## Supplied information
--------------------------------
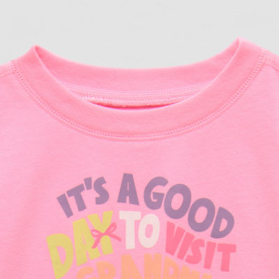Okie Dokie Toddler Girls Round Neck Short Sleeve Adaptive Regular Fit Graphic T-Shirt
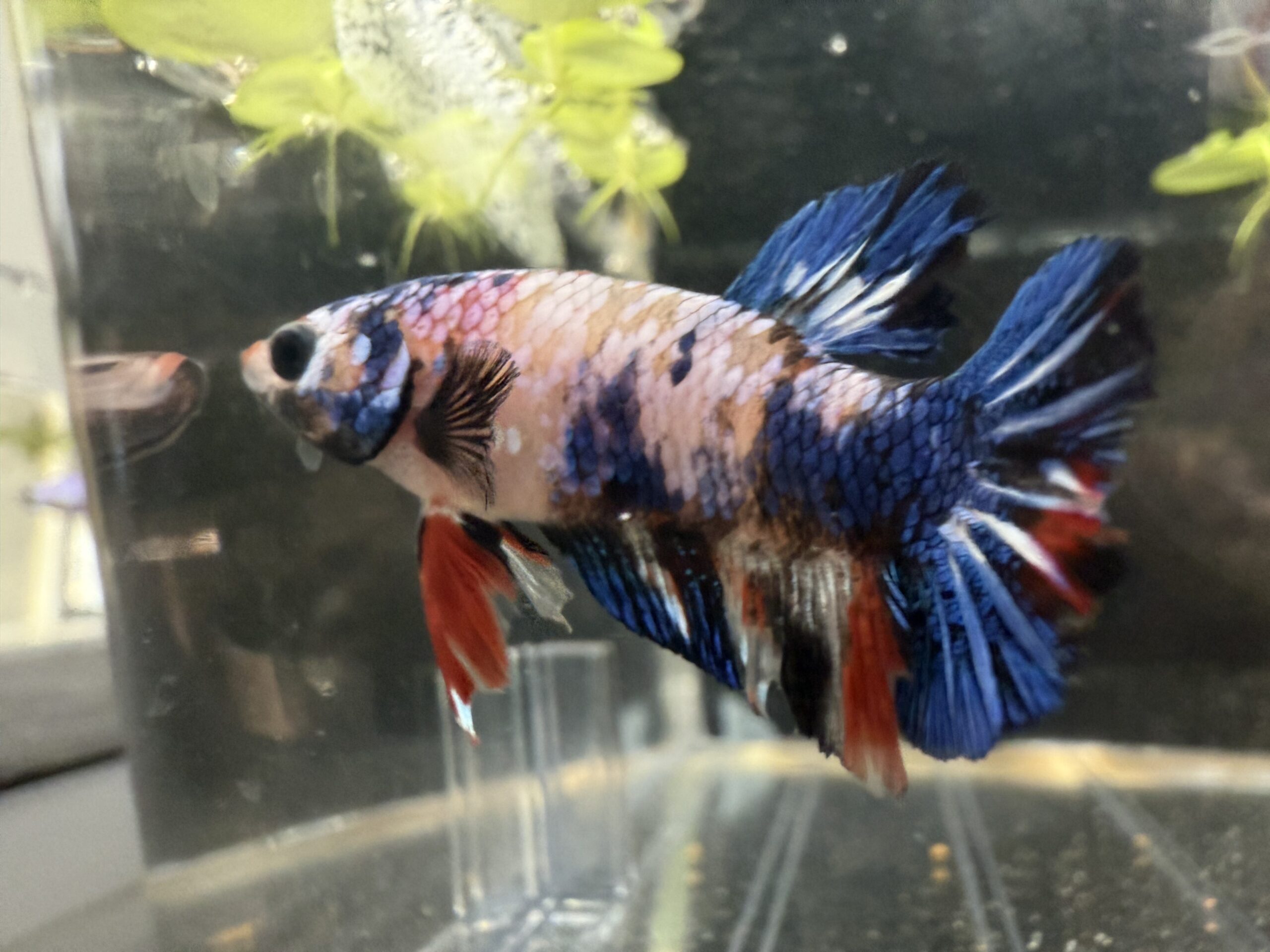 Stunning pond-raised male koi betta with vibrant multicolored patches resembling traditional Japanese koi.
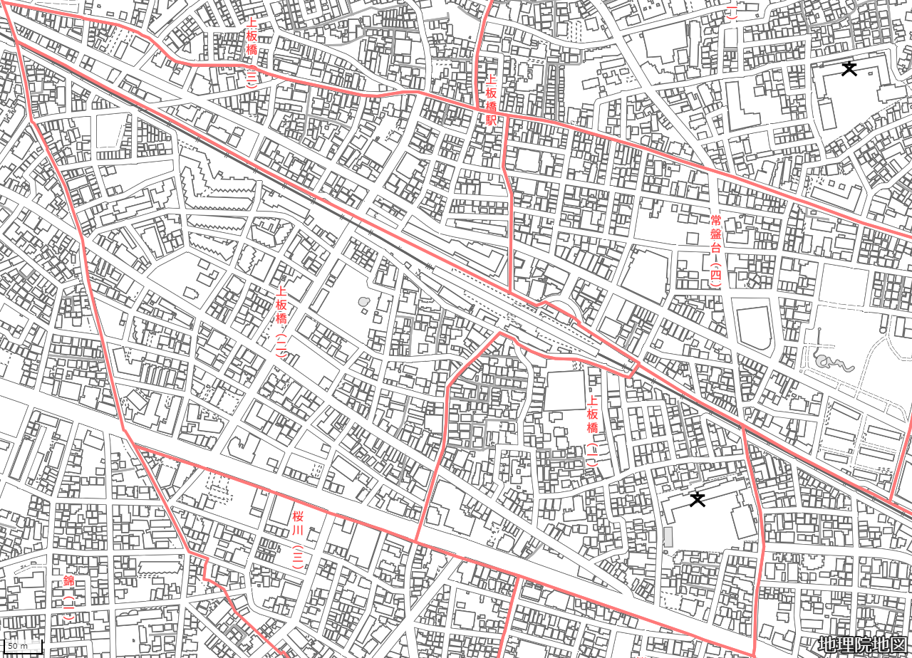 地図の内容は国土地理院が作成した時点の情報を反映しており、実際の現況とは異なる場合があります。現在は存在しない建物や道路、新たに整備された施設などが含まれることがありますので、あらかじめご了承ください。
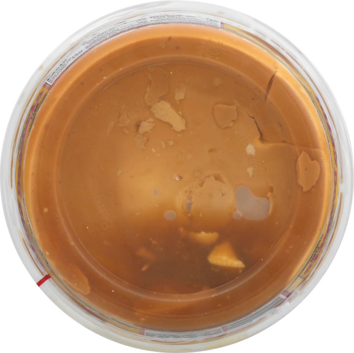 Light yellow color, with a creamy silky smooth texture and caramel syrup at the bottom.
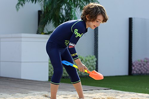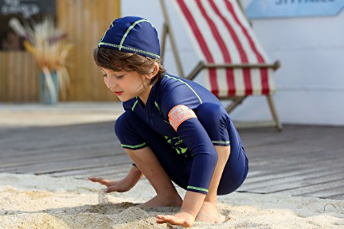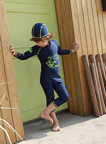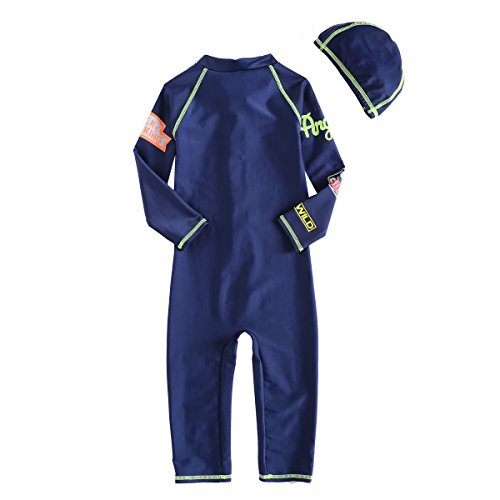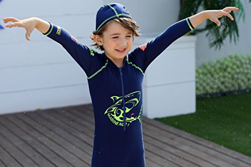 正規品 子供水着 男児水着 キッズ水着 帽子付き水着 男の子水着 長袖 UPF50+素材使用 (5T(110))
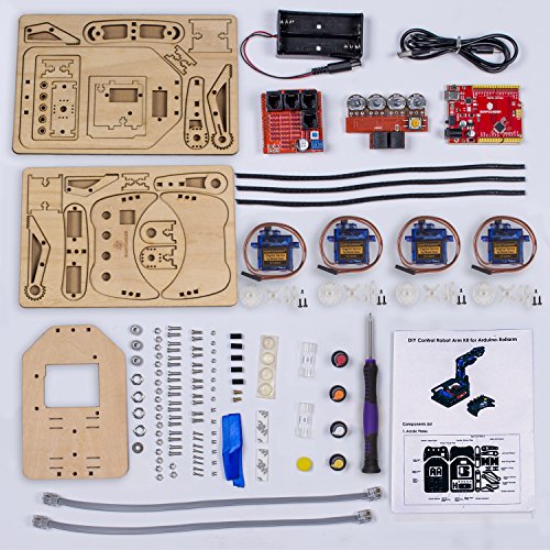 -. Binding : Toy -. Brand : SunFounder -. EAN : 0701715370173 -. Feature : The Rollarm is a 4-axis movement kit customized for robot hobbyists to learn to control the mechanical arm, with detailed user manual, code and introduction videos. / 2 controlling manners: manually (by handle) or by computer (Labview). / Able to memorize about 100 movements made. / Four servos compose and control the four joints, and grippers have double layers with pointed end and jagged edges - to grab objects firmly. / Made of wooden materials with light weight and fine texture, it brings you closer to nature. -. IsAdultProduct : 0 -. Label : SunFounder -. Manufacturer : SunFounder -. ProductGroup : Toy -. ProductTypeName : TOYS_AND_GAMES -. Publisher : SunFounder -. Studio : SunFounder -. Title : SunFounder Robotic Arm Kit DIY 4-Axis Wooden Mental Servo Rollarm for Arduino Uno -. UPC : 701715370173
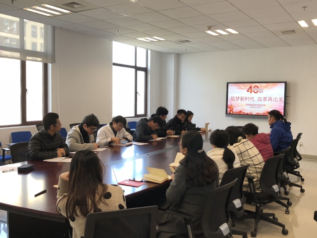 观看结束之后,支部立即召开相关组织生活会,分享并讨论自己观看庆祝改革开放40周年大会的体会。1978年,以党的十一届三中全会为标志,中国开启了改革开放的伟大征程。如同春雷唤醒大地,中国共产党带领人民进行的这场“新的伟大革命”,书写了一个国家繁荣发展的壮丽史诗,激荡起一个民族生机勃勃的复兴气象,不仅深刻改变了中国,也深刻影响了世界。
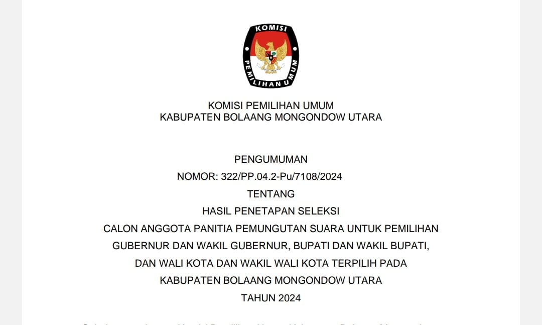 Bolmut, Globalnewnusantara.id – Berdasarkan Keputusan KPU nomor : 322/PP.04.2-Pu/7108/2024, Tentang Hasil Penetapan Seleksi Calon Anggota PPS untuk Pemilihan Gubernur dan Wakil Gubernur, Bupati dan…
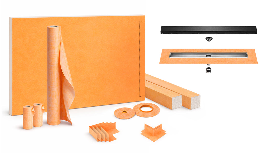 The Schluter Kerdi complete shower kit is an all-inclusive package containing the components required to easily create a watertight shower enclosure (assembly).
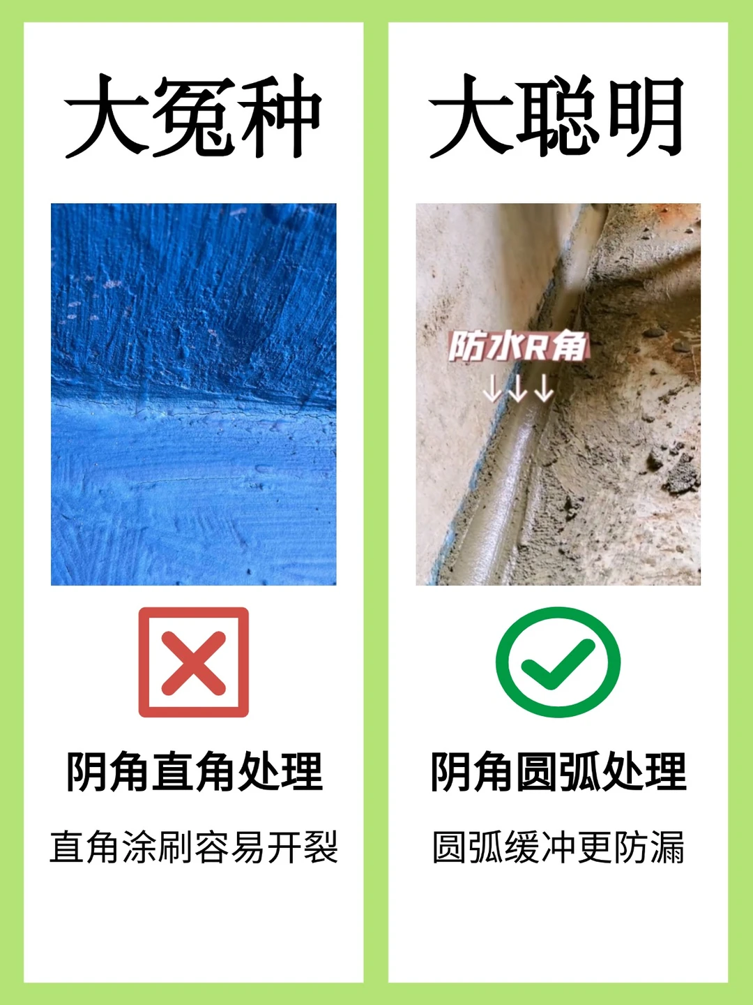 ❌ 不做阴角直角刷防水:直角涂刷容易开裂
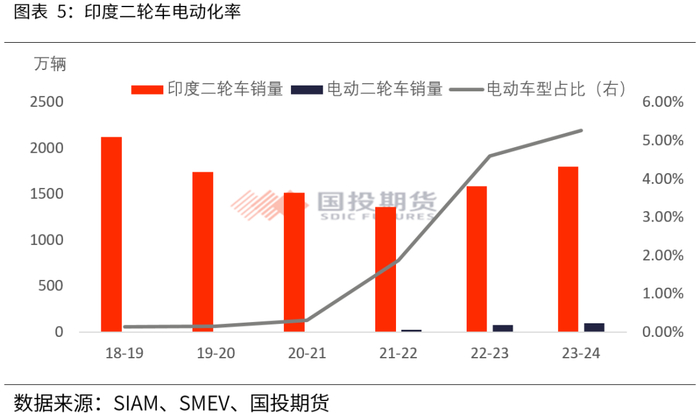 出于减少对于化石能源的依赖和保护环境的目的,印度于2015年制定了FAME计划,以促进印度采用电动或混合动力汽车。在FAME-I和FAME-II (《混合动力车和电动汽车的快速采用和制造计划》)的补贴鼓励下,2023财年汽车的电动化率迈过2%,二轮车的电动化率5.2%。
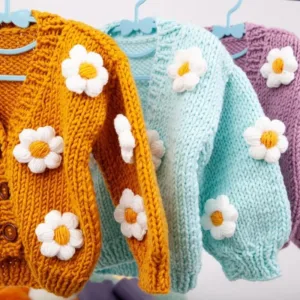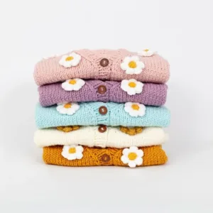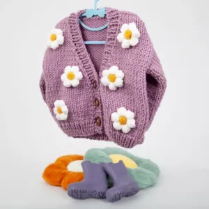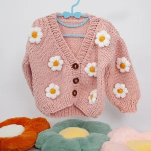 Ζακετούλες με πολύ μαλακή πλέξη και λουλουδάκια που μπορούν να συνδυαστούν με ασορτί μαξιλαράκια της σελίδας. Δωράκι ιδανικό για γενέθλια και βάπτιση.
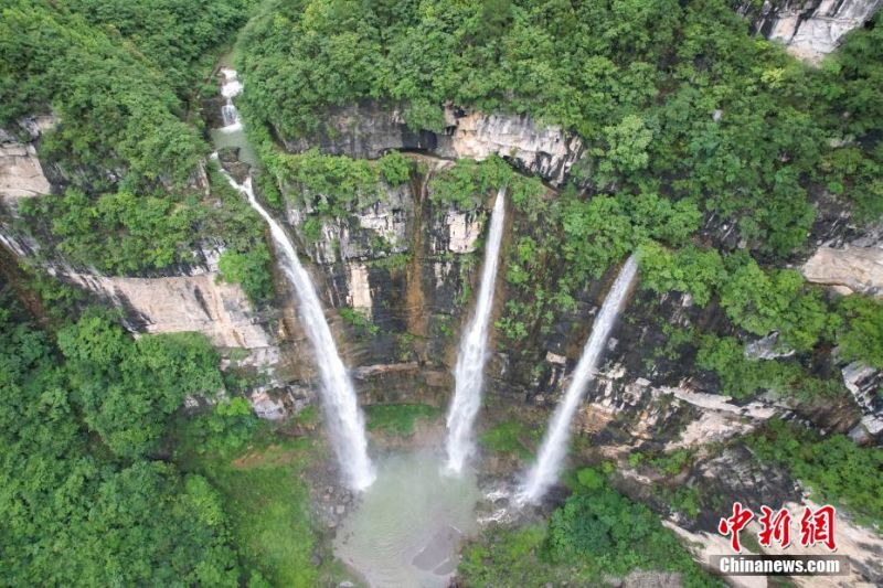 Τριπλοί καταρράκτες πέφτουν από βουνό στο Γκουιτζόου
--------------------------------
## What to do
Exclude the pictures from the copy. Retype exactly the lines running from the one containing "出于减少对于化石能源的依赖和" through the last line of the listing.

## Task result
 出于减少对于化石能源的依赖和保护环境的目的,印度于2015年制定了FAME计划,以促进印度采用电动或混合动力汽车。在FAME-I和FAME-II (《混合动力车和电动汽车的快速采用和制造计划》)的补贴鼓励下,2023财年汽车的电动化率迈过2%,二轮车的电动化率5.2%。
 Ζακετούλες με πολύ μαλακή πλέξη και λουλουδάκια που μπορούν να συνδυαστούν με ασορτί μαξιλαράκια της σελίδας. Δωράκι ιδανικό για γενέθλια και βάπτιση.
 Τριπλοί καταρράκτες πέφτουν από βουνό στο Γκουιτζόου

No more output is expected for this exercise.